A distant prospect six months ago: F1 teams up with Snapchat to tap millennials
Plans outlined earlier this year by Formula 1's new owner Liberty Media to embrace digital technology and appeal to a younger demographic developed further today as a global partnership was unveiled with Snapchat, the photo and video messaging app.
The deal marks Formula 1’s first commercial collaboration with a major digital and mobile-first platform, and will officially kick off this Sunday, with exclusive content from the British Grand Prix at Silverstone through Snapchat’s 'Our Stories'.
Our Stories - one of three types of content on Snapchat’s Discover platform - are compilations of videos and pictures submitted from users at events and locations around the world, which are then curated by teams of editors and producers at Snapchat.
The partnership will continue at the Formula 1 races this season in Singapore, Japan, USA, Mexico, Brazil and Abu Dhabi.
Ironically at last year's Japanese Grand Prix, prominent British driver Lewis Hamilton was widely criticised throughout the sport for using Snapchat in a pre-race press conference.
Frank Arthofer, Formula 1's head of digital and new business, who joined from the Boston Consulting Group in late May, said today: "Right from the start, we have said we want to work with partners to bring fans closer to the amazing show that is Formula 1, an incredible mix of technology and individual talent - and Snap fits that bill.
"We need to continue to bring new fans to the sport - by reaching out to them on social media platforms with behind the scenes, fun and engaging content. Snap’s platform is one of the most popular among ‘millennials,’ a sector we are particularly keen on attracting, as it represents the future of our sport."
Ben Schwerin, vice-president of partnerships for Snap Inc. added: "We want to work with the most iconic sporting organisations in the world, that are beloved by our global community of passionate and highly engaged fans - and working with Formula 1 has been at the top of our wish list for a long time.
"Our goal is simple - we want to make being a fan more fun no matter where you are and Snapchat offers unique and creative ways to experience it with their closest friends. We are honoured to be the first platform they are partnering with, and are excited to start offer their teams, partners and advertisers an opportunity to reach millions of Snapchatters around the globe."
Since completing its $8-billion takeover of Formula 1 in January, Liberty Media has been quick to take steps to revamp the sport, with an over-the-top platform, likely to be a combination of a subscription and free-to-view service, in the pipeline.

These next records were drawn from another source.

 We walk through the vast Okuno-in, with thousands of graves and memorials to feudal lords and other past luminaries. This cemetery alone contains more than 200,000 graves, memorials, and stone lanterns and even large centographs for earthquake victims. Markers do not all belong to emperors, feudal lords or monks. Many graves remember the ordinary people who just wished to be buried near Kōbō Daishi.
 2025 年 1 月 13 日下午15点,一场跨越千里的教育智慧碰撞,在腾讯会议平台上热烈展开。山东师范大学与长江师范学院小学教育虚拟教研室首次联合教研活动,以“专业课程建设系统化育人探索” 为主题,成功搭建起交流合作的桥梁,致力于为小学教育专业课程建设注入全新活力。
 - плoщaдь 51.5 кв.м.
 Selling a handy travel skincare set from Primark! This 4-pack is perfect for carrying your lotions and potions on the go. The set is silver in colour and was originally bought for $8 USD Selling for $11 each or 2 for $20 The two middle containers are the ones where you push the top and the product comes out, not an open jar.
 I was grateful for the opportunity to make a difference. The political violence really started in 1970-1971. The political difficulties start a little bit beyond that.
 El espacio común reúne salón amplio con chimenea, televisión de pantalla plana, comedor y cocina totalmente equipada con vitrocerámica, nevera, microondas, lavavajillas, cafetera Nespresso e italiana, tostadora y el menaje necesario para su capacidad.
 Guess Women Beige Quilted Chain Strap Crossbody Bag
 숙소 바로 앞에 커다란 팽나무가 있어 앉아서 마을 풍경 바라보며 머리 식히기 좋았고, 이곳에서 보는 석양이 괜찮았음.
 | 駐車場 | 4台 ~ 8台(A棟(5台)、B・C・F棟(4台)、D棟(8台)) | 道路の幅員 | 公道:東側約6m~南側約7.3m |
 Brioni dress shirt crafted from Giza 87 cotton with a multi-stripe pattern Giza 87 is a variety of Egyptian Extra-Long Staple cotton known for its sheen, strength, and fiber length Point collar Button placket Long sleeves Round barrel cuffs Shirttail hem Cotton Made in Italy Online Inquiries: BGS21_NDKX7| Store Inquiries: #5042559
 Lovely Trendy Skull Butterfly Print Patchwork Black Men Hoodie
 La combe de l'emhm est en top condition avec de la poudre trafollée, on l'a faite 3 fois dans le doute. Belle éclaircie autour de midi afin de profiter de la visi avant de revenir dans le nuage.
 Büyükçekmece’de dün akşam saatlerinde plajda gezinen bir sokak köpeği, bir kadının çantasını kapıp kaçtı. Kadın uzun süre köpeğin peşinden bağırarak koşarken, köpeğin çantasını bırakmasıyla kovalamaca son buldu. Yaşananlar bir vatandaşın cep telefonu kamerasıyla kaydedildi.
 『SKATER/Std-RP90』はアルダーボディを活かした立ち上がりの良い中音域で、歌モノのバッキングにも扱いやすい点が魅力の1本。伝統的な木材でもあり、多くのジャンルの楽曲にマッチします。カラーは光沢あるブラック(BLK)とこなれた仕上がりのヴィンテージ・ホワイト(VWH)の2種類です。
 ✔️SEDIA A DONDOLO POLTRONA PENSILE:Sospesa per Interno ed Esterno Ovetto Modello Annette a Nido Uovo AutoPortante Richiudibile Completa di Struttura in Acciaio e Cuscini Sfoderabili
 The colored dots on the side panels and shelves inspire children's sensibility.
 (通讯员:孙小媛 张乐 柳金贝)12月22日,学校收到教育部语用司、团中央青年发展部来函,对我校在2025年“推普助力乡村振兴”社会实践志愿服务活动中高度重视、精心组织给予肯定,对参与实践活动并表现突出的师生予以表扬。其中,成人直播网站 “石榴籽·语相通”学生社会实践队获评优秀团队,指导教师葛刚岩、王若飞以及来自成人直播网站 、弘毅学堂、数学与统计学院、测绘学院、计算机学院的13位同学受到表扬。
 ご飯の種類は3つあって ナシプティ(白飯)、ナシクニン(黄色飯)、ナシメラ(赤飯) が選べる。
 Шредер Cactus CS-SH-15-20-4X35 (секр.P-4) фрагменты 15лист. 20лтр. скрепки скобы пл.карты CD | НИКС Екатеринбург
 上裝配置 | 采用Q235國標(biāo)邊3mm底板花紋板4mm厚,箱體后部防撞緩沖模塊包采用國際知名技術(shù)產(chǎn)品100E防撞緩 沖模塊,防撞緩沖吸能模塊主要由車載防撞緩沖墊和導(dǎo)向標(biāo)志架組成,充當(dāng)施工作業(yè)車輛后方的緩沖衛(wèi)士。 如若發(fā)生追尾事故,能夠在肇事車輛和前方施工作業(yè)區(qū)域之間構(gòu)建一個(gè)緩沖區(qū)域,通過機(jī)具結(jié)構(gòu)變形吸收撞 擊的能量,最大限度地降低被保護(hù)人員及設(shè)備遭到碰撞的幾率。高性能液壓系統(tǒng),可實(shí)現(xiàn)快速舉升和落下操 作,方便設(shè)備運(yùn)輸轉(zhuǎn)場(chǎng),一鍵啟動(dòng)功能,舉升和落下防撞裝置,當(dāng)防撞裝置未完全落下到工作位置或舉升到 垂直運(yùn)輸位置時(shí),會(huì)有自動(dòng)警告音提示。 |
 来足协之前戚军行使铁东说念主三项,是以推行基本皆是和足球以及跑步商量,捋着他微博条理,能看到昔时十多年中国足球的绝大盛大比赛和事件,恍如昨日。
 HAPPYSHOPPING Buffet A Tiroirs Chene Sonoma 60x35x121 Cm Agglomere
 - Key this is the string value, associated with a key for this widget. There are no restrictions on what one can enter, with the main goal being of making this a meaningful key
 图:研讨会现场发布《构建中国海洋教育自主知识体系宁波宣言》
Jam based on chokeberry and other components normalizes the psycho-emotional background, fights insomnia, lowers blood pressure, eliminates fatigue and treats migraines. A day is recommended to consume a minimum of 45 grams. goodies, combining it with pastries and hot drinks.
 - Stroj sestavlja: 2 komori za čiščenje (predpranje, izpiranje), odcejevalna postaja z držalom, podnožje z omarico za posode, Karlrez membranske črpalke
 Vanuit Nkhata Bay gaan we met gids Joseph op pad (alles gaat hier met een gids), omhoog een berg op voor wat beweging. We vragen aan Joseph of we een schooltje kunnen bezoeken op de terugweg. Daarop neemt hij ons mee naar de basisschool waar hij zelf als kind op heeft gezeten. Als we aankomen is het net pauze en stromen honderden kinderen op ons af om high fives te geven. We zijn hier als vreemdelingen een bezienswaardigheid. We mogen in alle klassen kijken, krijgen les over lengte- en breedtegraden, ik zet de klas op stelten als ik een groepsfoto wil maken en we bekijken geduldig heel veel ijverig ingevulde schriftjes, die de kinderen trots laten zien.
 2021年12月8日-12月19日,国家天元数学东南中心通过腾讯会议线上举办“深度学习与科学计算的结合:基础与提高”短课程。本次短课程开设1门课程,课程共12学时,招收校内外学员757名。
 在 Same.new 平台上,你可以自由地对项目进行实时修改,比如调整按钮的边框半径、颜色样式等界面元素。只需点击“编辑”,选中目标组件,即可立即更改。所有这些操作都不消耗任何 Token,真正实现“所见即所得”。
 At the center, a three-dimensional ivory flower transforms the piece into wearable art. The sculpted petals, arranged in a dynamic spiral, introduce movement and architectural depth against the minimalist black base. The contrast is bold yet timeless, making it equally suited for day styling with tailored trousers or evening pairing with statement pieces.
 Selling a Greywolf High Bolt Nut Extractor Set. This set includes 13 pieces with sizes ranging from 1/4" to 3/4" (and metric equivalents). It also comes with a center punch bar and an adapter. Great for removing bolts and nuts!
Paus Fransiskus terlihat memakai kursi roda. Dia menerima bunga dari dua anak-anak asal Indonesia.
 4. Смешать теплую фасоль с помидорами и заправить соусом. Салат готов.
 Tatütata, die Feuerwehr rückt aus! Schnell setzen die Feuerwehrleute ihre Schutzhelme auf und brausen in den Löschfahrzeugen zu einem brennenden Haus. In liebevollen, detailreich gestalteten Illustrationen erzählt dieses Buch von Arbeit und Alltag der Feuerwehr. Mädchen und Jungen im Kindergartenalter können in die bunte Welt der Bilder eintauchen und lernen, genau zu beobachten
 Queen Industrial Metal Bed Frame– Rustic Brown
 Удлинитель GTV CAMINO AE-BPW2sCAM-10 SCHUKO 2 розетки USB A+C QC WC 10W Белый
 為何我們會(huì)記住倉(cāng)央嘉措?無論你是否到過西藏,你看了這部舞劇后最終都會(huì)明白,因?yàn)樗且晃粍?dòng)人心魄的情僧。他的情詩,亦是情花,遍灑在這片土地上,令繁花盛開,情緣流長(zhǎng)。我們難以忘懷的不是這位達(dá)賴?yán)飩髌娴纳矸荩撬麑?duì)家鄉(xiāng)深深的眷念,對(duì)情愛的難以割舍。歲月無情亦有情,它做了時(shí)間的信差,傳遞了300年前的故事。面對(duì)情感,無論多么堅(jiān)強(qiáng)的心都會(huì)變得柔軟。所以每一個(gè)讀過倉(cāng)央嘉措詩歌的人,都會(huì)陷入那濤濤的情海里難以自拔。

While erstwhile promoter Bernie Ecclestone was widely credited for turning the sport into a multi-billion-dollar business, which still attracts huge television audiences, high-profile car manufacturers and sponsors and countries eager to stage grands prix, he was increasingly regarded as out of touch, at a time when Formula 1 has to compete for attention with other sports and entertainment products.
Chase Carey, now chairman and chief executive of Formula 1, wants grands prix to evolve into week-long festivals, with complementary entertainment, to attract new fans, and his vision could be detected in yesterday's 'F1 Live London' event at the city's Trafalgar Square, which featured live music and demonstrations by the drivers, albeit with three-times world champion Hamilton a notable absentee, ahead of this weekend's British Grand Prix.
The future of the Silverstone race is in doubt after the British Racing Drivers' Club, which owns the circuit, this week invoked a break clause in its hosting contract, meaning that it it can pull out after the 2019 event if it is unable to agree a more financially attractive deal with Liberty.
The situation, together with yesterday's event, has renewed talk of the grand prix moving to a street circuit in London.
The city's mayor Sadiq Khan told BBC London Sport: "If F1 want to speak to me I am keen to listen. My ambition is for London to carry on being the sporting capital of the world. There are some hurdles to overcome, but I am certainly interested in the future in having F1 in London."
Silverstone hosted the first British Grand Prix in 1950, and has been the permanent home of the event since 1987, but it has become a financial burden for the BRDC, which lost £2.8 million ($3.6 million) in 2015 and £4.8 million in 2016.